Items from a data source:
━━━━━━━━━━
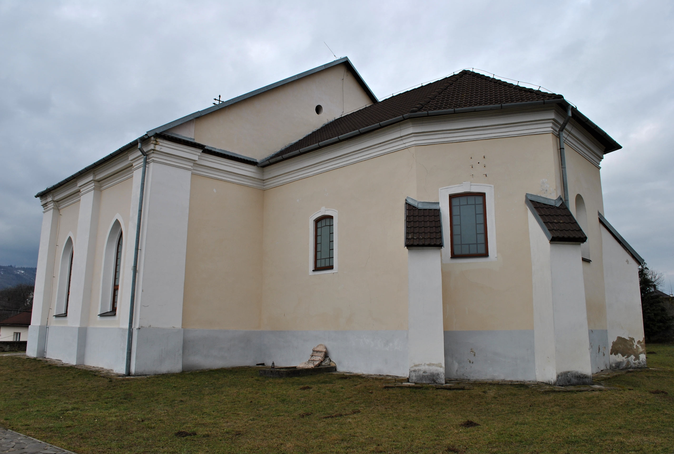 Roman-Catholic Church of St Catherine in Badín, near Banská Bystrica
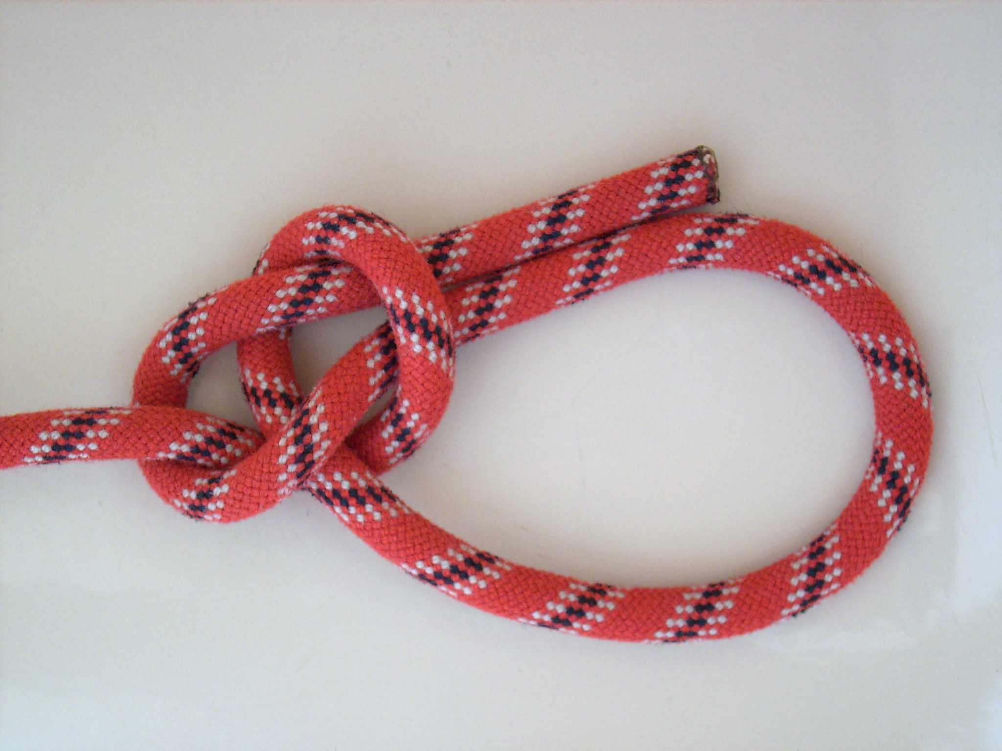 Cowboy bowline knot (variation on the standard bowline knot)
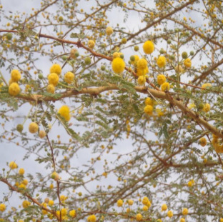 Senegalia senegal flowers
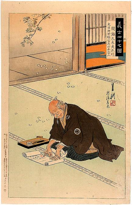 Ronin are masterless samurai. Chushingura is the true story of 47 samurai who became masterless in 1701, after their lord had been forced to commit ritual suicide (seppuku) for assaulting a court official who had insulted him. They avenged him by killing the court official after patiently planning for over a year. They were themselves then forced to commit seppuku.
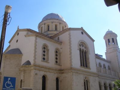 The Orthodox cathedral in Limassol (Lemesos), Cyprus
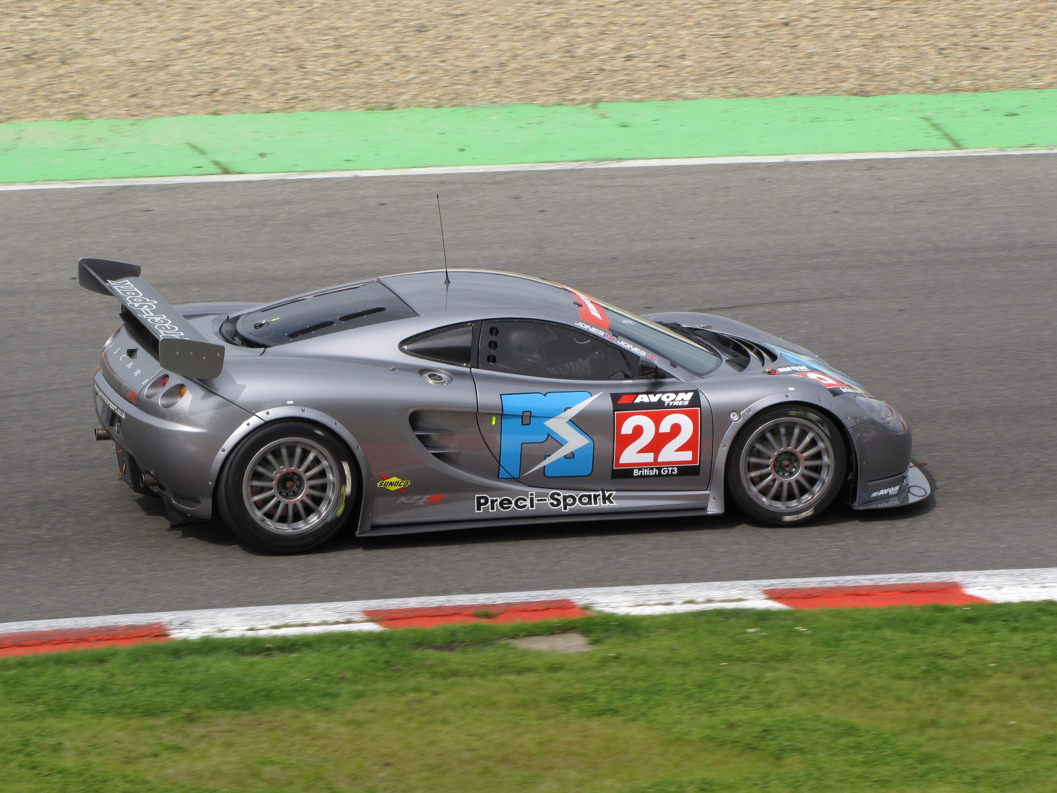 Ascari KZ1-R GT3 of the british GT championship in Spa 2009.
━━━━━━━━━━
§ **Exercise requirements**
Write out every line above again exactly, with the pictures left out.

§ **Final answer**
 Roman-Catholic Church of St Catherine in Badín, near Banská Bystrica
 Cowboy bowline knot (variation on the standard bowline knot)
 Senegalia senegal flowers
 Ronin are masterless samurai. Chushingura is the true story of 47 samurai who became masterless in 1701, after their lord had been forced to commit ritual suicide (seppuku) for assaulting a court official who had insulted him. They avenged him by killing the court official after patiently planning for over a year. They were themselves then forced to commit seppuku.
 The Orthodox cathedral in Limassol (Lemesos), Cyprus
 Ascari KZ1-R GT3 of the british GT championship in Spa 2009.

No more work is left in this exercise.